第945話白と青のグラデーション10
「ギャハハハハハっ!!いいねえ?この体気に入ったよ?」
本体では絶対にしないような品のかけらもない笑い方をしながら、分体リーゼの姿は変化する。
それは幼女の見た目…ここまではリーゼと変わらないが、赤と青のオッドアイの瞳の本体リーゼに対し、分体リーゼの意思は金と銀のオッドアイの瞳に変わる。
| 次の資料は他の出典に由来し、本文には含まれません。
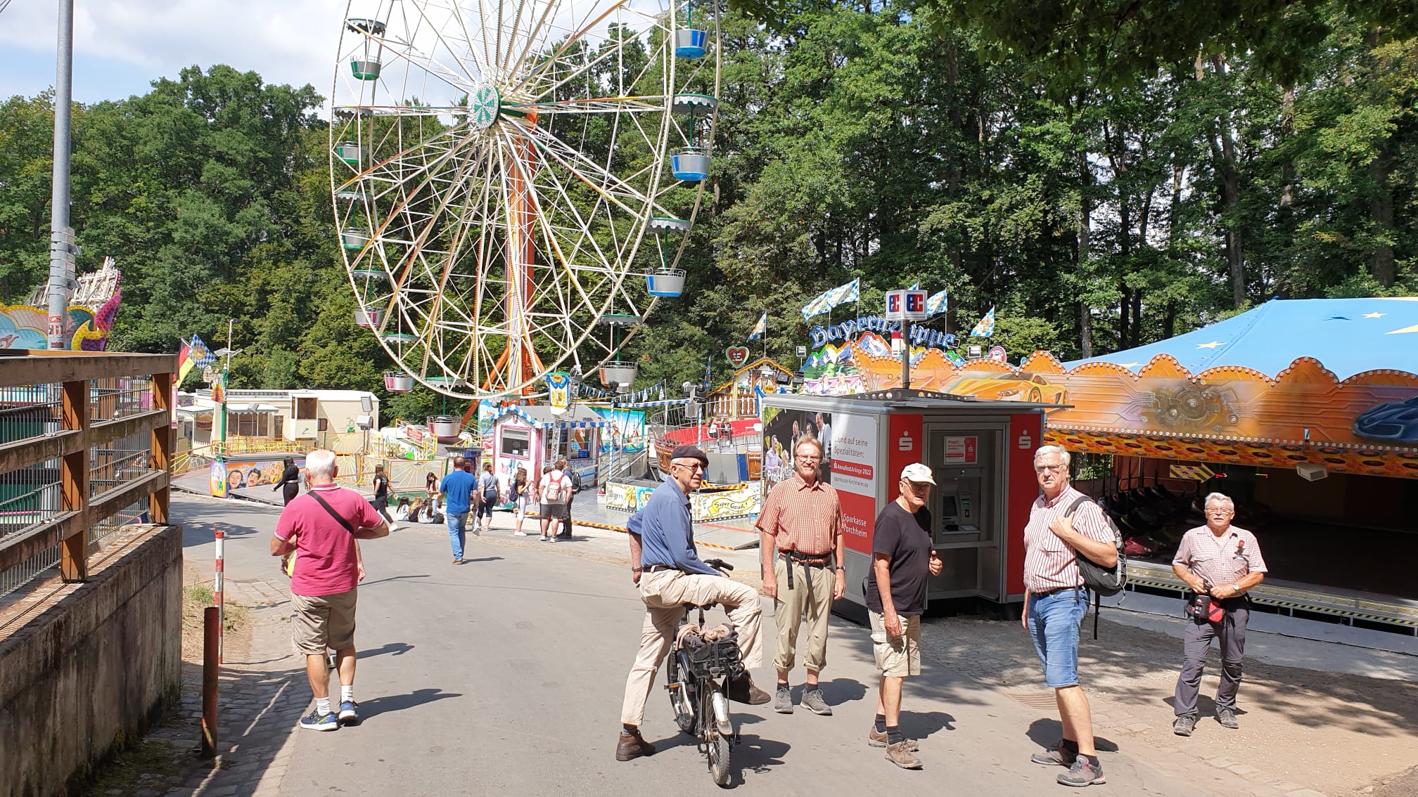Wir besuchen das Annafest Da wir mit hohen Temperaturen gerechnet hatten, haben wir uns heute eine kurze Strecke für unsere Wanderung zum Annafest ausgesucht. Allerdings durften wir dann doch bei angenehmem Wanderwetter starten. Und das war gut so, denn die Teerstrecke bis Reuth und der "Anstieg" dort, wäre bei höheren Temperaturen sicherlich unangenehm gewesen. So waren wir frisch und voller Tatendrang und konnten Dank Willis fundiertem Wissen schon während der Durchquerung des Tales die wichtigsten weltpolitischen Probleme lösen, bis dann im Ort das muntere Plaudern in leises Schnaufen über ging. Wir starteten heute also am Bahnhof von Wiesenthau (wohin uns natürlich unser 9,- Euro Ticket brachte), überquerten das Wiesenttal und erklommen über die Kindergartenstraße schon Kellerwaldhöhe. Auf der Hut waren wir, als wir in der Straße mit selbigem Namen nach links in den Wald einbogen. Ab hier liefen wir in einem wirklich sehr schönen Laubwald mit anfangs urigen, wurzeldurchzogenen Pfaden. Den Wurzelweg hatte Henry extra für Achim ausgesucht, damit der sich mehr auf den Weg als auf seine noch zu erfindenden selbstständig das Ziel findenden Panzergranaten konzentrieren musste. Nach knapp einer Stunde wurden die Wege breiter, die ersten Hinweisschilder zum Annafest tauchten auf und dann waren wir auch schon im Kellerwald. Beim Winterbauer stärkten

「ちっ…緊急時だったから、実験もしないで神格炉に突っ込んだおかげで若干精神がゴッズクローンに融合しちゃったよ。まあ、おかげで個としての自分を、確立できたいいんだけどさ?」
金と銀のオッドアイを爛々と光らせながら分体リーゼ…いや、分体リーゼだったものはそう呟いた。
それはそのまま続ける。
「そうだなー。もはやリーゼはリーゼとは言えない。だから自分で名前をつけることにするよ。…リゼル…リゼル・オルガット・イグロシアル。パパの末っ子を名乗らせてもらおうかな?」
言いながら分体リーゼ改め、リゼルは手近なゴッズクローンの胸に大穴をあける。
「「リーゼ様!?何をっ!?」」
その場にいたゴッズクローン達は揃って乱心した指揮官を止めようと声をあげるが、リゼルは聞く耳を持たない。
「うるさいよ。お前らが役立たずだからこうするしかなかったんでしょ?結局最後に信じられるのは自分だけなんだよっ!!」
リゼルは次々と自ら召喚したゴッズクローンの神格炉に穴をあけて、神格エネルギーを自らの神格炉に注ぎこむ。
〜
ミュラ達は媒介クローンと地雷クローンを危なげなく倒し続けながらリゼルの状況を視界の隅におく。
「ミュラの言う通りだ…本当にイカレタ外道だな。味方を味方とも思ってねえ…ミグの性格ならリーゼを嫌うのも当然だ。…いや、アイツはリゼルだったか?」
敵陣で行われている戦闘や仲間割れと言うより惨劇と言った方が正解な状況にジオは言った。
「ですが、あまりいい状況とも言えませんね…今のところはまだこちらが有利ですが、足止めの捨て駒の数が数です。お姉様…いえ、元お姉様に時間を稼がれれば稼がれる程、こちらとの差は縮まると考えた方がいいですね」
シャドウラルファは現在の状況を正確にそう分析すると言った。
こうしている間にもリゼルはこちらに対抗するために、味方の力を奪い続けている。
そんな状況の中…
「お前らは先にいけ。ここは俺が抑える」
静かに…だが強い意思を持って、その人物…
ロロ・ベアトリスクは言ったのだった。